Which is to say: you (ans some of the other responders) have assumed that the password munging routine has all the properties the designers wanted them to have. This would have to be proved.
写这个答案是因为我在某个时候有过这个想法,而这里的答案并不令人满意。
你已经证明了在“Oracle”存在的情况下 P =/= NP (这是告诉密码是否正确的东西)。
事实证明,您实际上无法使用预言机来证明原始的 P 与 NP(这种技术称为相对化)。
为了证明最初的问题,你必须用图灵机来定义 Oracle。换句话说,您必须描述密码验证程序对输入执行的操作,然后证明没有算法可以在给定密码验证程序代码的情况下猜测密码。
请注意,您必须对任何可能的快速密码验证程序执行此操作。密码验证器算法的唯一要求是它在密码长度方面以多项式时间运行。

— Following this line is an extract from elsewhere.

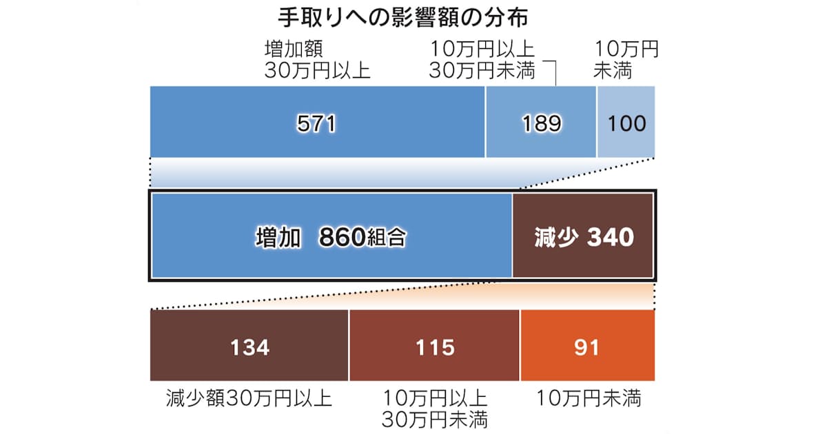 1人あたりの平均年収が減り、保険料が増えたのは全体の24%にあたる284組合だった。手取りが30万円以上減る影響が出たのは11%...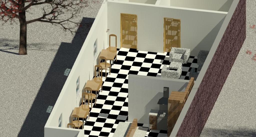 Below is a design drawing for a new cafe and I began modelling with this plan on Autodesk Revit.

因此,给定任何可能的算法来检查密码在多项式时间内是否正确,您必须编写一个算法来读取验证者算法并尝试猜测密码是否在多项式时间内。如果你能证明或反驳这种算法的存在,那么你就解决了问题。
Writing this answer because I had this idea at some point, and the answers here were not satisfactory.
You have proved that P =/= NP under the presence of an 'Oracle' (this is the thing that tells if the password is right or not).
It has been shown you can actually not prove the original P vs NP by using Oracles (this technique is called relativisation).
In order to prove the original problem you have to define the Oracle in terms of a turing machine. In other words, you have to describe what the password verifier does with the input, and then prove that there is no algorithm that can guess the password given the password verifier code.
Note that you have to do this for any possible fast password verifier. The only requirement of the password verifier algorithm is that it runs in polinomial time with regards to the password length.
So given any possible algorithm that checks if the password is right or not in polinomial time, you have to write an algorithm that reads the verifier algorithm and tries to guess the password is in polinomial time. If you can prove or disprove that such algorithm exists then you have solved the problem.